Configure Windows clients protected by another Credential Provider

If another credential provider (such as, McAfee or Symantec) overwrites Windows login, you must add a new Windows registry key to enable Smart Login with Identity as a Service.

note

For Windows passwordless integration, if you are using Microsoft Intune you must permit Bluetooth advertising and Bluetooth proximal connections for Windows workstations. For more information, see https://docs.microsoft.com/en-us/mem/intune/configuration/device-restrictions-windows-10.

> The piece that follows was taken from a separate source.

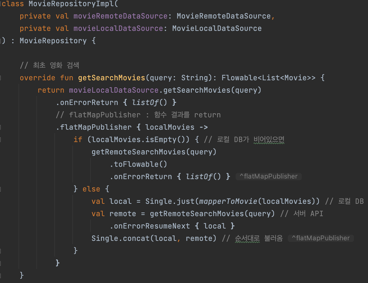이처럼 각 DataSource를 사용하여 원하는 데이터를 Local 혹은 Remote에서 가져오고, 원하는 데이터 타입/형태로 만들어서 return 시켜주면 되는 것이다.

Permit Bluetooth advertising and proximal connections

If using Microsoft Intune, enable the required connections, as follows:

1. Go to the applicable Endpoint Manager Intune Portal:
   • https://endpoint.microsoft.com (for Commercial customers)
   • https://endpoint.microsoft.us (for Government customers)
2. In the navigation pane, click Endpoint security.
3. Under Manage, click Attach Surface Direction.
4. Select the Device Control policy that applies to the device.
5. Click Properties.
6. Next to Configuration Settings, click Edit.
7. Ensure that the required services are not blocked.

Add a new registry setting to allow Smart Login

1. Add a new String Value Windows registry key with the key name EntrustSmartLoginProvider under HKEY_LOCAL_MACHINE\SOFTWARE\Microsoft/Windows\CurrentVersion\Authentication\LogonUI.
2. Modify the value to the GUID of your credential provider. You can find this value under LastLoggedOnProvider when a user logs in to Windows.